A dynamic programming algorithm was then used to find the categorization that maximizes the homogeneity criterion. This data-driven approach ensures that procedures in the same category will be as similar as possible with respect to their estimated mortality risk.
To determine the number of categories, we evaluated the performance of different categorizations consisting of 2 to 20 categories. Performance was assessed internally based on 2 criteria. First, we evaluated the internal homogeneity of the categories using the criterion described in Appendix 2. Second, we assessed the discrimination of the categories as predictors of mortality. Discrimination was quantified by the area under the receiver operating characteristic curve (also known as the C-index).

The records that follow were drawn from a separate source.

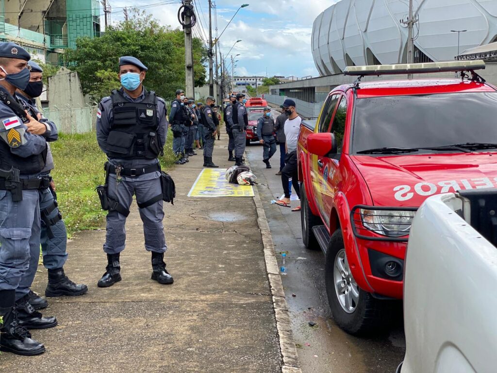 Os pequenos grupos que estavam durante a chegada do presidente carregavam bandeiras do Brasil e cartazes. A segurança no local foi reforçada.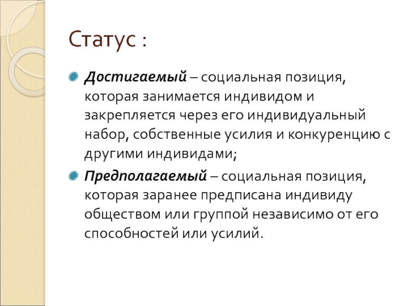 Предполагаемый – социальная позиция, которая заранее предписана индивиду обществом или группой независимо от его способностей или усилий.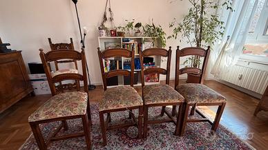 Sedie in legno scuro tipo noce un buono stato h seduta 50 cm , totale altezza dello schienale h 100. Seduta di stoffa fatta da tappezziere all interno come da ultima foto ci sono molle No spedizione .Ritiro presso domicilio venditore zona Niguarda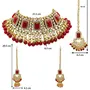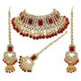 I Jewels Gold Plated Traditional Handcrafted Faux Kundan & Pearl Studded Bridal Choker Necklace Jewellery Set with Earrings & Maang Tikka For Women (IJ401)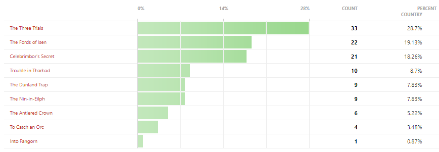 I was surprised that Nin-in-Eilph got 9 votes, meaning it was just 2 votes away from fourth place. Appearantly people quite like the quest, or were trolling the poll. The quest isn’t loved by many, since the quest cards require you to quest hard, or you have to reset the quest deck and start with a new restriction on your deck. It can be pretty tough to get through, though the enemies aren’t as bad. The quest does conclude with a big battle against a Watcher-style enemy, which not many people have fought, as it takes quite some time to get through. In my opinion the least favourite quest of the pack, but it seems 9 people disagree.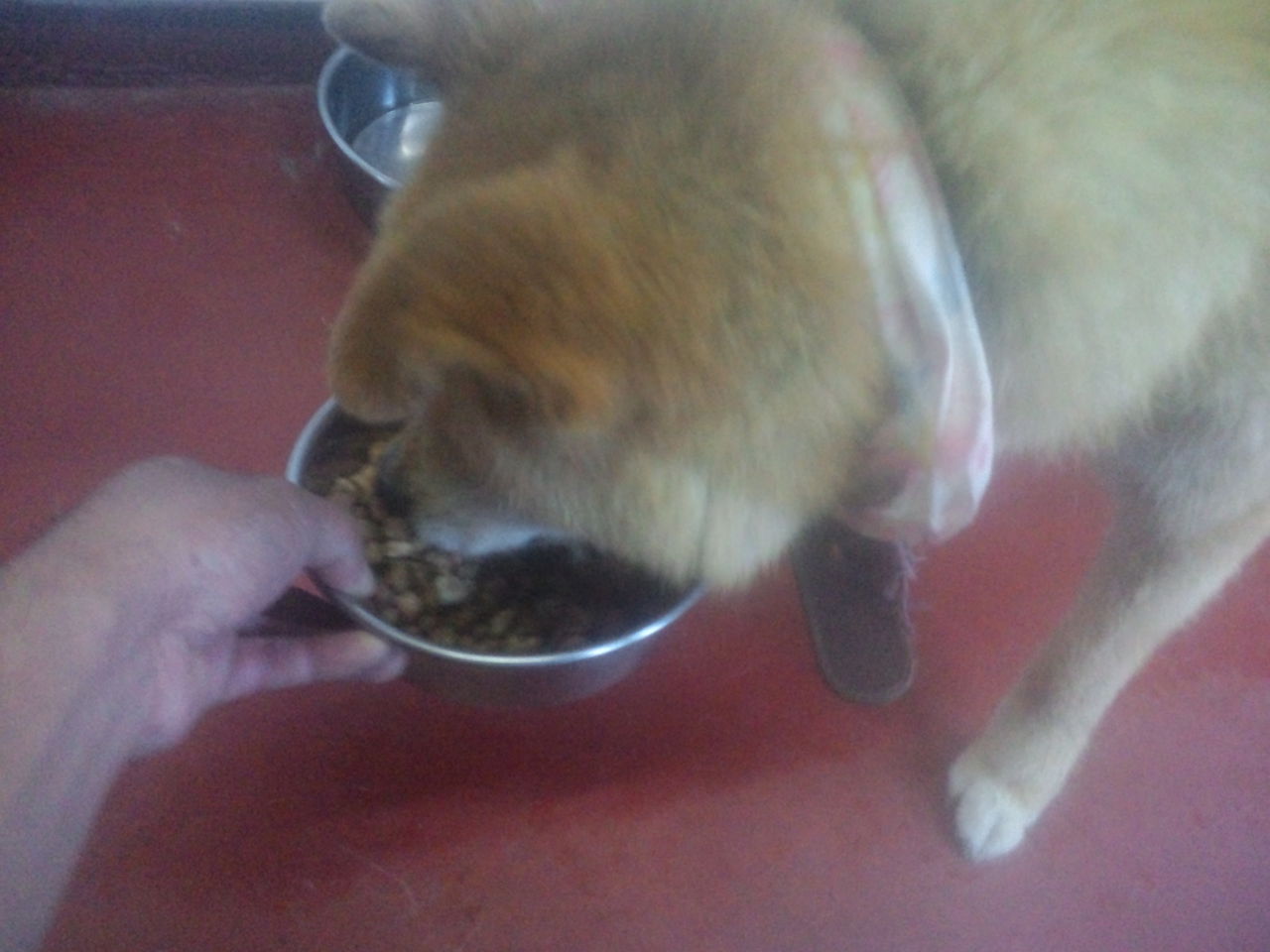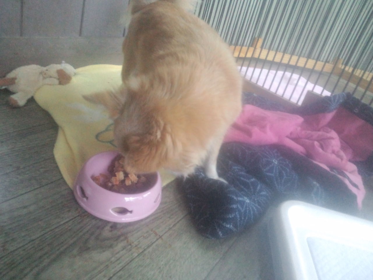 チワワさくらちゃん、口を付けません。モモちゃん、ほぼ完食しました。

The C-index is interpreted as the probability that a randomly selected patient who died was considered to be higher risk than a randomly selected patient who survived. The C-index generally ranges from 0.5 to 1.0, with 0.5 representing no discrimination (ie, a coin flip) and 1.0 representing perfect discrimination.

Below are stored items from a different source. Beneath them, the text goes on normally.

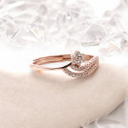 This elegant ring features a twisted band design with a delicate flower motif, adorned with sparkling zircons and plated in rose gold over 925 sterling silver. The graceful and sophisticated look makes it a perfect accessory for both special occasions and everyday wear.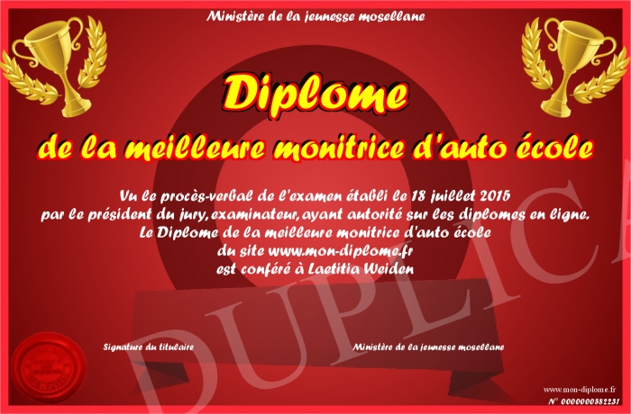 Envoyez par email votre Diplôme de la meilleure monitrice d'auto école personalisé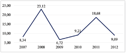 Hình 2: Lạm phát trong giai đoạn 2007 - 2012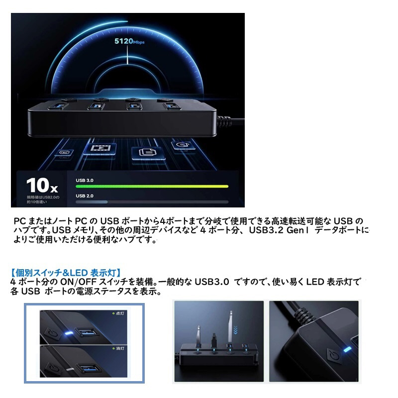高速転送5Gbps USB ハブ USB3.0 4ポート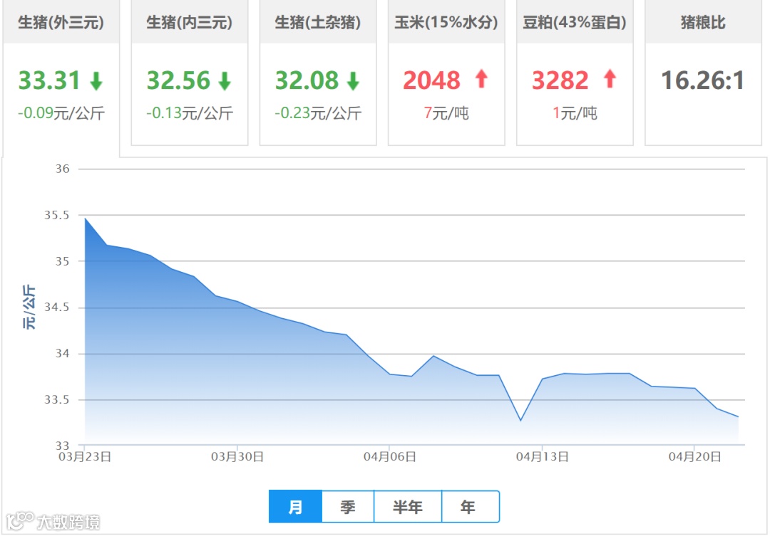 | 地区名称 | 外三元(元/公斤) | 内三元(元/公斤) | 土杂猪(元/公斤) | 玉米(元/吨) | 豆粕(元/吨) |

Models Combining Scores and Categories With Patient-Level Risk Factors
Two logistic regression models were developed to illustrate the utility of modeling the proposed scores and categories together with patient-level risk factors. The first model included the STS–EACTS score (modeled as a continuous variable) plus 3 patient-level factors: age, weight, and preoperative length of stay. To allow for possible nonlinear effects, the score and the square of the score were both entered in the model. Age and weight were modeled jointly by converting them into a single categorical variable with 7 levels (see Results). Preoperative length of stay was dichotomized as less than or equal to 2 days versus more than 2 days. The second model was identical but used the STS–EACTS categories (modeled as a set of category indicators) instead of the STS–EACTS score. Additional patient factors, such as comorbidities, were not included because these data were not available to us for the EACTS subset at the time of analysis.
Comparisons With RACHS-1 Categories and ABC Scores
The models described above were also estimated with RACHS-1 categories in place of the STS–EACTS categories and with the ABC score in place of the STS–EACTS score to facilitate comparisons with existing methods. Briefly, the ABC score of a procedure is a number ranging from 1.5 to 15 points that reflects the Aristotle expert panel's assessment of that type of procedure's potential for mortality, morbidity, and technical difficulty. When analyzing operations with multiple procedures, the ABC score was defined as the maximum ABC score across all procedures in the operation. The RACHS-1 methodology divides procedures into 6 categories based on an expert panel's assessment of the procedure's average mortality risk, where category 1 has the lowest risk of mortality and category 6 has the highest. Unlike the ABC method, the classification of some procedures is allowed to depend on the patient's age. When analyzing operations with multiple procedures, the operation is assigned to the procedure with the highest RACHS-1 category. Because very few data points were available in RACHS-1 category 5, it was combined with category 6 for analysis. The “full” RACHS-1 methodology involves fitting a logistic regression model that includes indicator variables for the RACHS-1 categories together with an indicator variable for single versus multiple cardiac procedures, plus additional adjustment for 3 patient-level risk factors: age, prematurity, and presence of a major noncardiac structural anomaly. Because the required patient-level risk factors were not available in our dataset, we did not implement the full RACHS-1 methodology but instead focused on evaluating the discrimination of the RACHS-1 categories with and without adjustment for patient age, weight, and preoperative length of stay.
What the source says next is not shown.